Sesudah kemerdekaan Indonesia, duduk kasus sejarah nasional menerima perhatian yang relatifbesar. Hal mi terutama unmk kepentingan pembelajaran di sekolah-sekolah, sekaligus untuk masukana pewarisan nilai-nilai usaha serta jati diri bangsa Indonesia. Semangat patriotisme itu direfleksikan antara lain dengan gerakan Indonesianisasi dalam aneka macam bidang, termasuk pendidikan. Istilahi stilah asing, khususnya istilah Belanda, mulai diindonesiakan, termasuk pelaj aran sejarah.

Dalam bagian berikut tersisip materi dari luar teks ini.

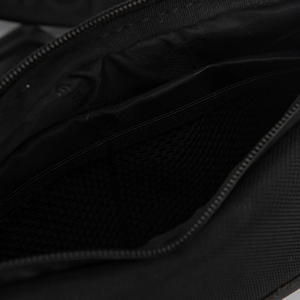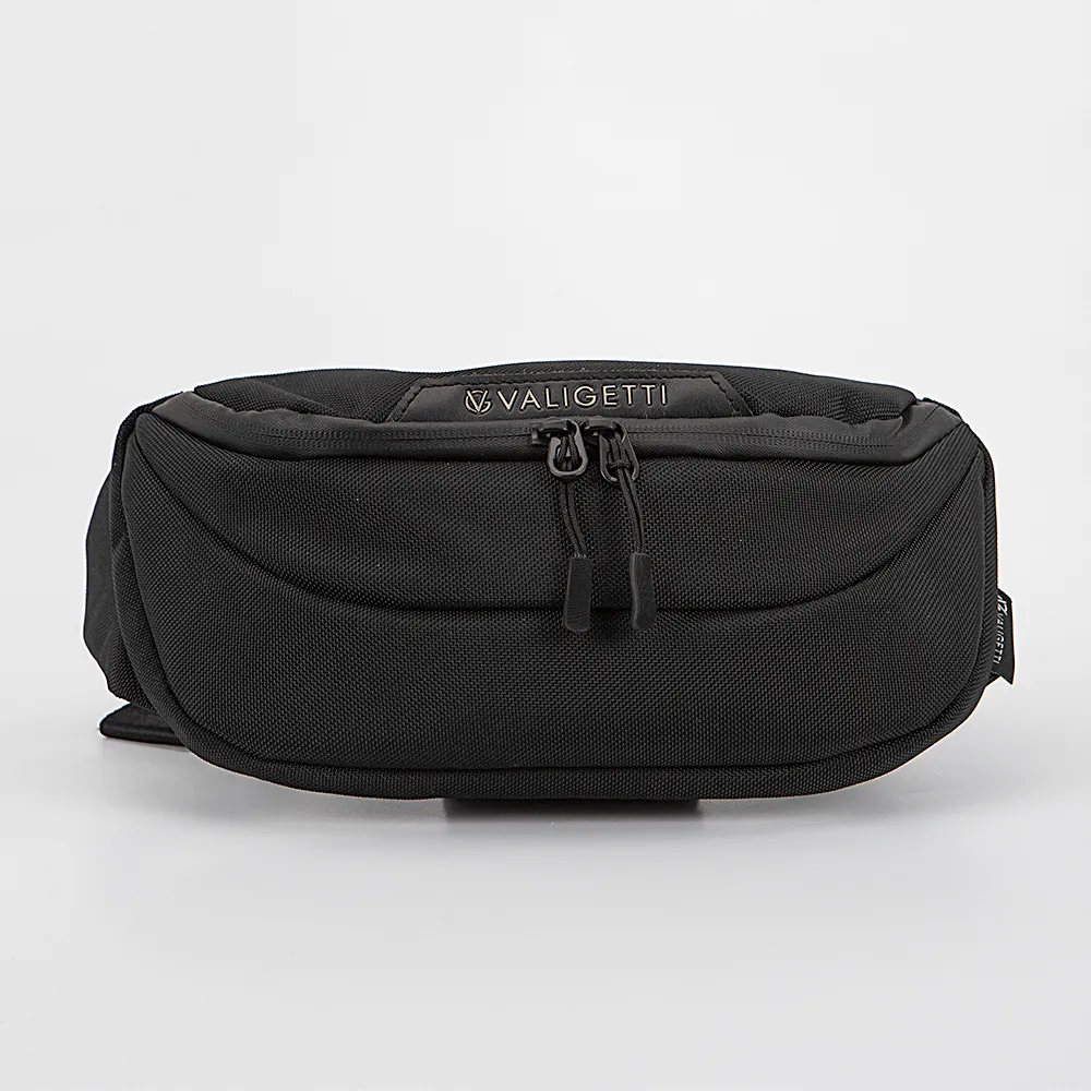 Сумка на пояс от торговой марки Valigetti из прочной текстильной ткани черного цвета. Модель с регулируемым поясным ремнем. Два отделения на молнии, с текстильной подкладкой. В переднем отделении – карман на молнии. В заднем – четыре кармана-сетки, накладной карман с уплотненной стенкой. На задней стороне с дышащим сетчатым слоем – карман на молнии.

Sayangnya, gerakan mengindonesiakan sejarah Hindia Belanda yang belandasentris menjadi Sejarah Indonesia yang indonesiasentris tidak disertai oleh pengetahuan yang memadai ihwal ilmu sejarah. Akibatnya, yang terjadi bukannya menerbitkan buku sejarah Indonesia yang barn, tetapi Geschiedenis van Nederlandsch-Indiƫ versi barn dengan nama Sejarah Indonesia. Isinya sendiri spesialuntuk sekedar menukar tempat antara tokoh Belanda dengan tokoh Indonesia.

Jika pada Geschiedenis van NederlandschIndiĆ« tokoh-tokoh Belanda ialah pahiawan sementara orang pribumi sebagai penjahatnya, maka dalam sejarah Indonesia hasil indonesianisasi mi kedudukannya terbalik: tokoh—tokoh Indonesia menjadi pahlawannya sedangkan tokoh-tokoh Belanda menjadi penjahatnya. Anehnya, alur kisah dan panggungnya tetap sama. Gerakan penulisan sejarah yang indonesiasentris, menyerupai halnya yang terjadi di beberapa negara Asia yang gres merdeka, menerima kecaman yang cukup tajam. Sebagai contoh, seorang sejarawan Inggris berjulukan Bastin menilai penulisan sejarah nasional yang asiasentris tidak mungkin bias obyektif mabadunga tokoh-tokohnya harus berhadapan dengan mantan pen] aj ahnya. Di kalangan orang Indonesia sendiri, terutama yang mengerti sejarah, muncul pula keprihatinan. Faktor-faktor inilah yang kemudian mendorong para sejarawan dan para pengamat sejarah mengadakan “Kongres Sejarah Nasional” yang pertama pada tahun 1957. Berbagai duduk kasus yang berkaitan dengan sejarah dibicarakan dalam kongres tersebut, menyerupai duduk kasus periodisasi dankonsep-konsepkesejarahanlainnya.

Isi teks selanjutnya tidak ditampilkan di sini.